▶ Provided records
-- -- --

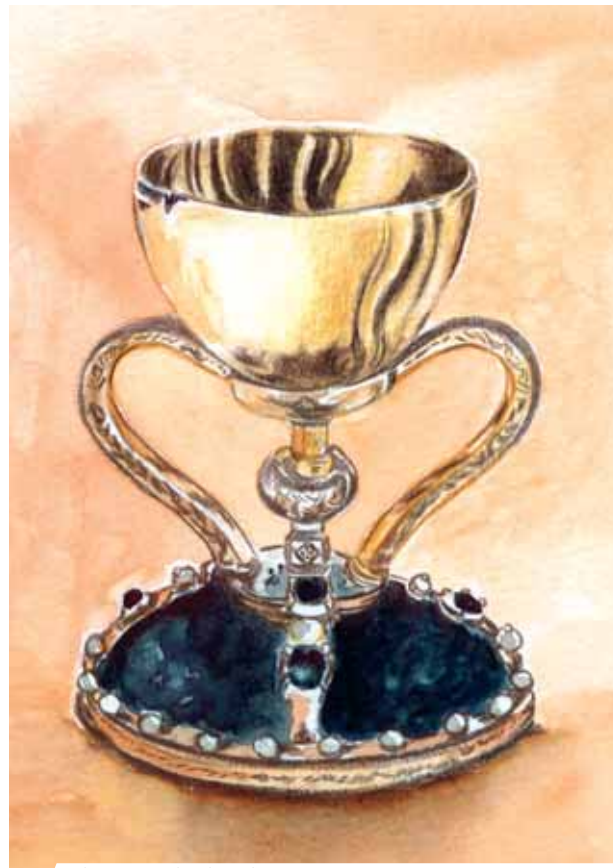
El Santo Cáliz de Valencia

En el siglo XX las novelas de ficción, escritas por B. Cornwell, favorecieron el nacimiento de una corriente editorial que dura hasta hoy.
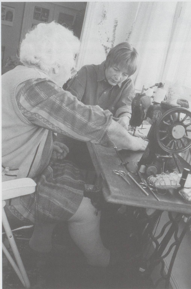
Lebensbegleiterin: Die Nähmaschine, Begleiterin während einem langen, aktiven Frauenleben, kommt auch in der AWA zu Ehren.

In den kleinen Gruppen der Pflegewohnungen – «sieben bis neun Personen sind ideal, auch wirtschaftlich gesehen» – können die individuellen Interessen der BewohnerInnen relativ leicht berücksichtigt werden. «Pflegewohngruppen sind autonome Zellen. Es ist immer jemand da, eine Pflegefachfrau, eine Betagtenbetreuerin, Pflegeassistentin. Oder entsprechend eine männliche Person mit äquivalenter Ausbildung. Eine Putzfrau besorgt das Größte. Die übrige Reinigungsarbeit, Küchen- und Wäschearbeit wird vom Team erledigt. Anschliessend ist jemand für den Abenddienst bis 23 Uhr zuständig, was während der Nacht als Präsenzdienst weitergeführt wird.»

-- -- --

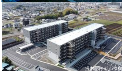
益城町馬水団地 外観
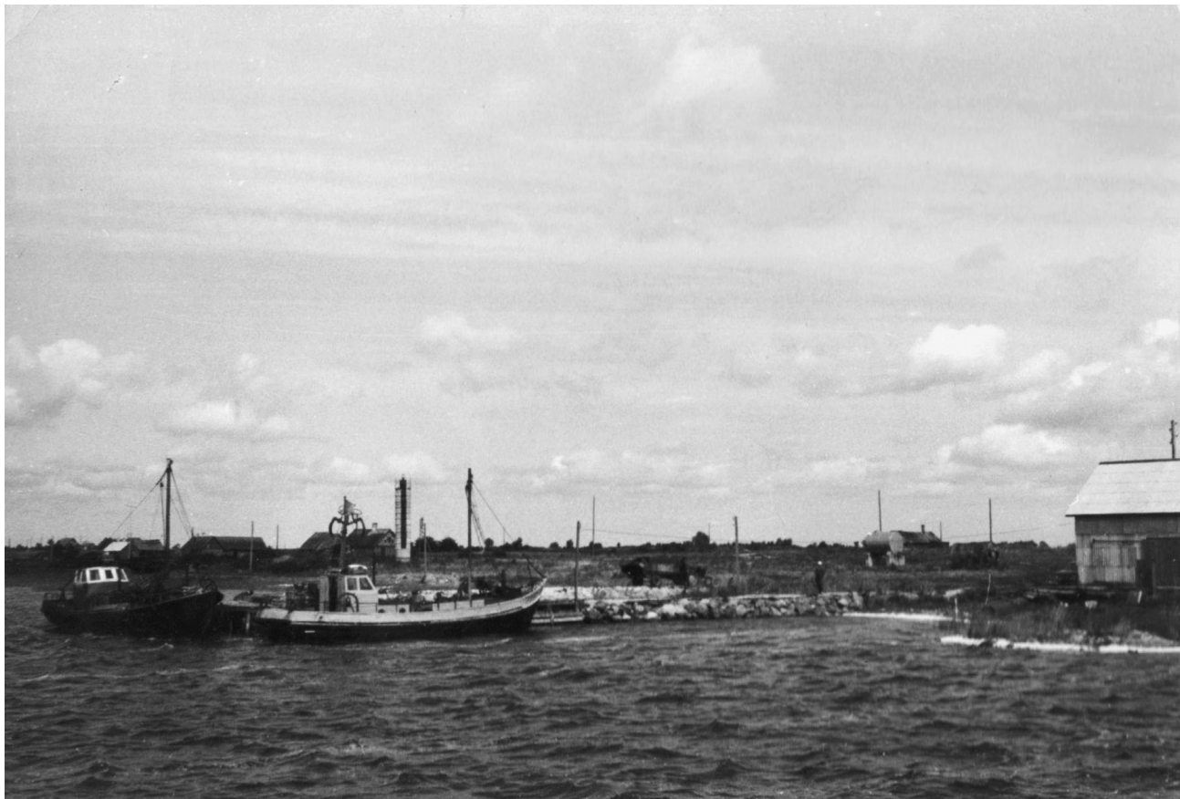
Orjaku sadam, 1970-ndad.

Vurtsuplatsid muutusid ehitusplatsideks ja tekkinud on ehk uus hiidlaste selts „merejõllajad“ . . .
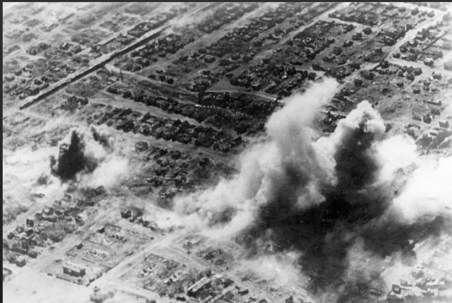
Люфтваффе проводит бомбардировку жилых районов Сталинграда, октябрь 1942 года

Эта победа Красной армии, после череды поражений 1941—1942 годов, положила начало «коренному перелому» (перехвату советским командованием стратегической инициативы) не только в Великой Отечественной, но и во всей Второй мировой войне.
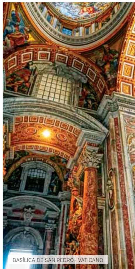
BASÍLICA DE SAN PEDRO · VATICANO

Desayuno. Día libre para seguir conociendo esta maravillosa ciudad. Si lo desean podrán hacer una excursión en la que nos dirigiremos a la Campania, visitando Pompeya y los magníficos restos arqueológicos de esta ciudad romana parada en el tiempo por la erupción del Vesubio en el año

-- -- --

▶ Task to carry out
Could you set down, word for word, only the lines above from the line with "BASÍLICA DE SAN PEDRO · VATICANO" to the line with "Desayuno. Día libre", including both?

▶ Problem solution
BASÍLICA DE SAN PEDRO · VATICANO

Desayuno. Día libre para seguir conociendo esta maravillosa ciudad. Si lo desean podrán hacer una excursión en la que nos dirigiremos a la Campania, visitando Pompeya y los magníficos restos arqueológicos de esta ciudad romana parada en el tiempo por la erupción del Vesubio en el año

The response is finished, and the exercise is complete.